Exercise: Among the entries below, retype exactly the lines starting with the one with "and oversized island." and going on through the one with "数字娱乐中心依托上海市动漫行", but not the pictures.

Provided data START

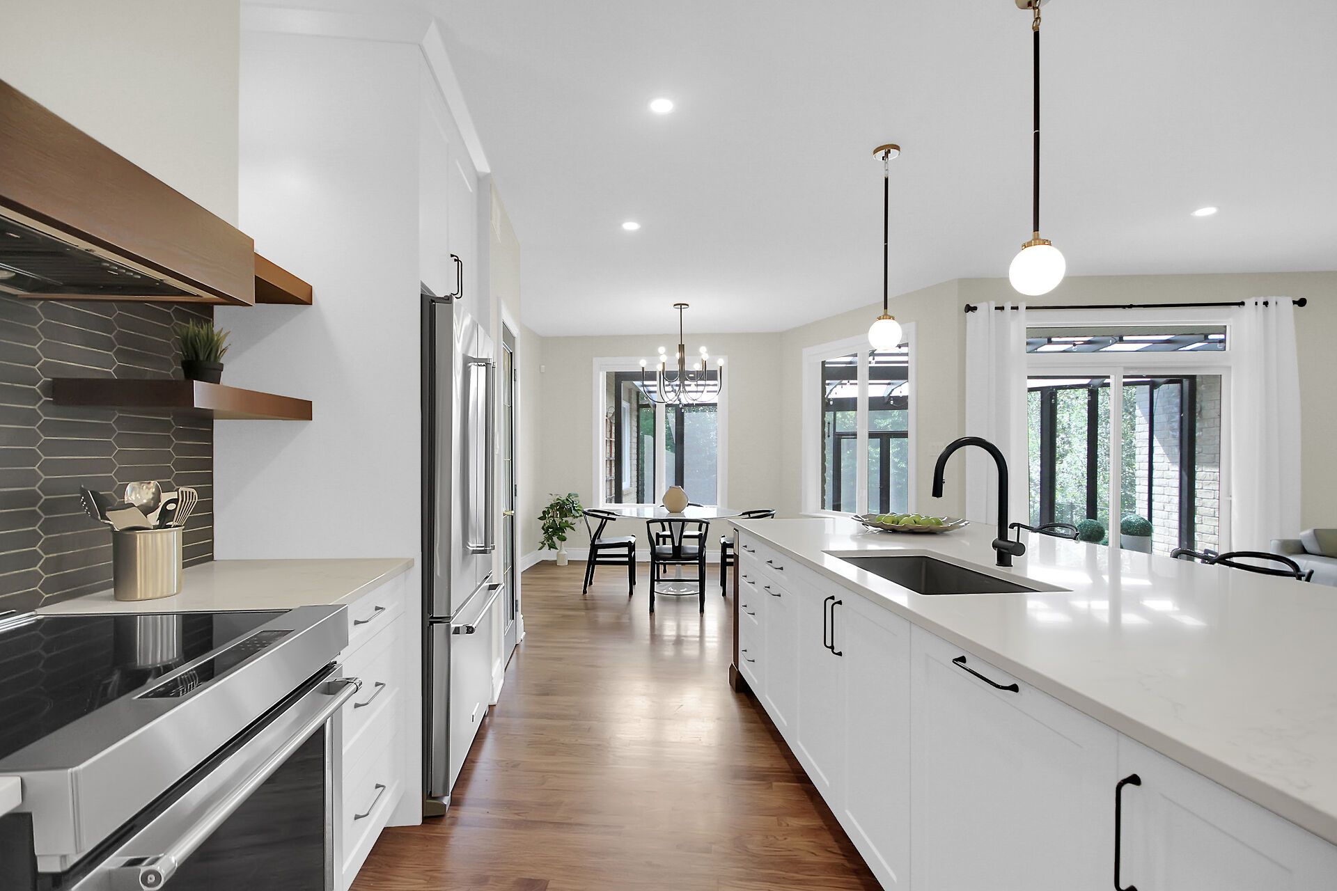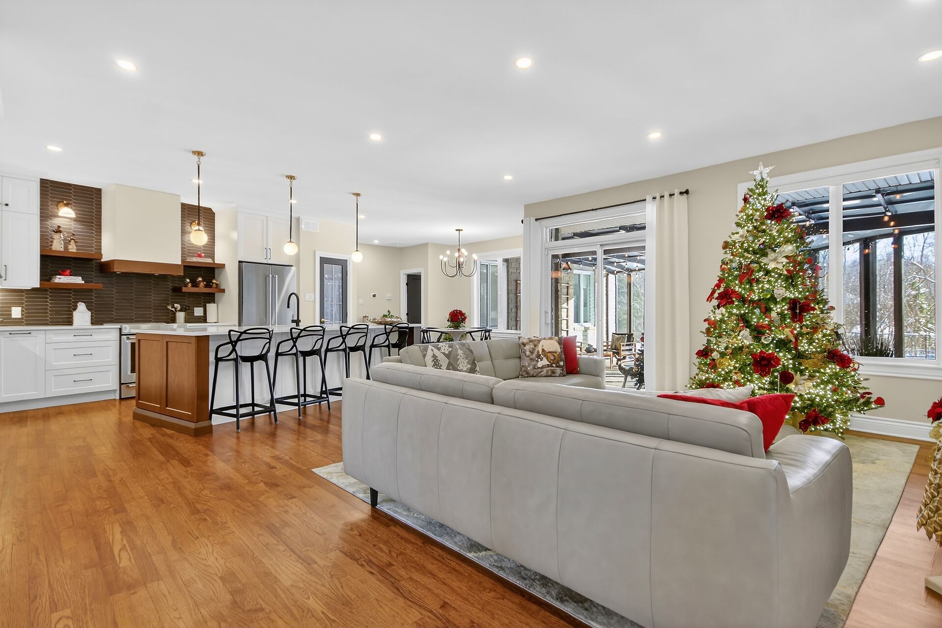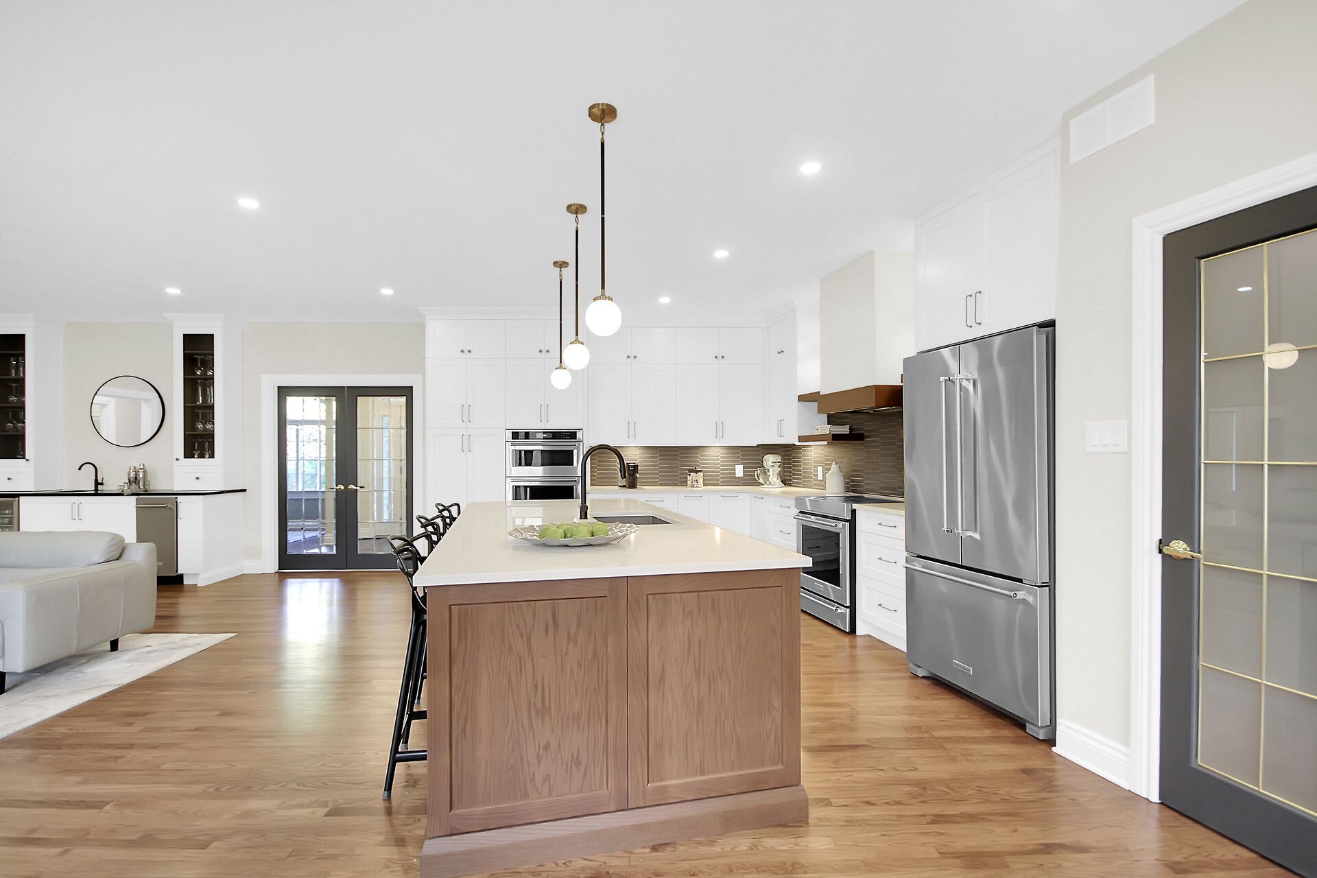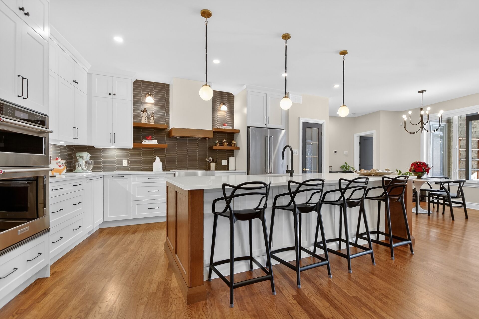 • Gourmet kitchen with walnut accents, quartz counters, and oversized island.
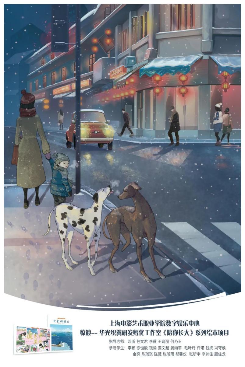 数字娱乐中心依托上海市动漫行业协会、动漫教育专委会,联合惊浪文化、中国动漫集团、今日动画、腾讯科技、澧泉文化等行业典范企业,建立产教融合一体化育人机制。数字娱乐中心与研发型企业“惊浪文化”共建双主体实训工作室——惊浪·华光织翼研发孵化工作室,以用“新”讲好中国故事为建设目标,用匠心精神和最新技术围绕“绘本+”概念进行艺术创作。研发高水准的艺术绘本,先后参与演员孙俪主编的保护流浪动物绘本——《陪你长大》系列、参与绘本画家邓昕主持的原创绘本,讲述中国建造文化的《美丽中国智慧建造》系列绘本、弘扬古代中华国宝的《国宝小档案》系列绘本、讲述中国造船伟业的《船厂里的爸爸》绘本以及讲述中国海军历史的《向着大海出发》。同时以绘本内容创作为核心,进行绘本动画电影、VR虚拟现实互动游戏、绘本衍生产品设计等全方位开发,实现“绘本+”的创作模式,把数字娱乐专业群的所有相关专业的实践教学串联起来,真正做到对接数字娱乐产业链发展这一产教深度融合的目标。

Provided data END
Provided data START

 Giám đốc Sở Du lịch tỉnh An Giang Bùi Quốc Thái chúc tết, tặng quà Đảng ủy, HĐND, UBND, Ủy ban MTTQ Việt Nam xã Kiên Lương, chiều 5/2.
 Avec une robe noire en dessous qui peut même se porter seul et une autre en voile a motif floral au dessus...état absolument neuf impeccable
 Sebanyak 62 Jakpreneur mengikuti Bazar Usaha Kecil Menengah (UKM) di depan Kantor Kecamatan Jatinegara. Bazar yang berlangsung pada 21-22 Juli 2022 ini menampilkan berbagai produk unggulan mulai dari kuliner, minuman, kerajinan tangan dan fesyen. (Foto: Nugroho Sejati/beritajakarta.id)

Provided data END

Answer box:
 • Gourmet kitchen with walnut accents, quartz counters, and oversized island.
 数字娱乐中心依托上海市动漫行业协会、动漫教育专委会,联合惊浪文化、中国动漫集团、今日动画、腾讯科技、澧泉文化等行业典范企业,建立产教融合一体化育人机制。数字娱乐中心与研发型企业“惊浪文化”共建双主体实训工作室——惊浪·华光织翼研发孵化工作室,以用“新”讲好中国故事为建设目标,用匠心精神和最新技术围绕“绘本+”概念进行艺术创作。研发高水准的艺术绘本,先后参与演员孙俪主编的保护流浪动物绘本——《陪你长大》系列、参与绘本画家邓昕主持的原创绘本,讲述中国建造文化的《美丽中国智慧建造》系列绘本、弘扬古代中华国宝的《国宝小档案》系列绘本、讲述中国造船伟业的《船厂里的爸爸》绘本以及讲述中国海军历史的《向着大海出发》。同时以绘本内容创作为核心,进行绘本动画电影、VR虚拟现实互动游戏、绘本衍生产品设计等全方位开发,实现“绘本+”的创作模式,把数字娱乐专业群的所有相关专业的实践教学串联起来,真正做到对接数字娱乐产业链发展这一产教深度融合的目标。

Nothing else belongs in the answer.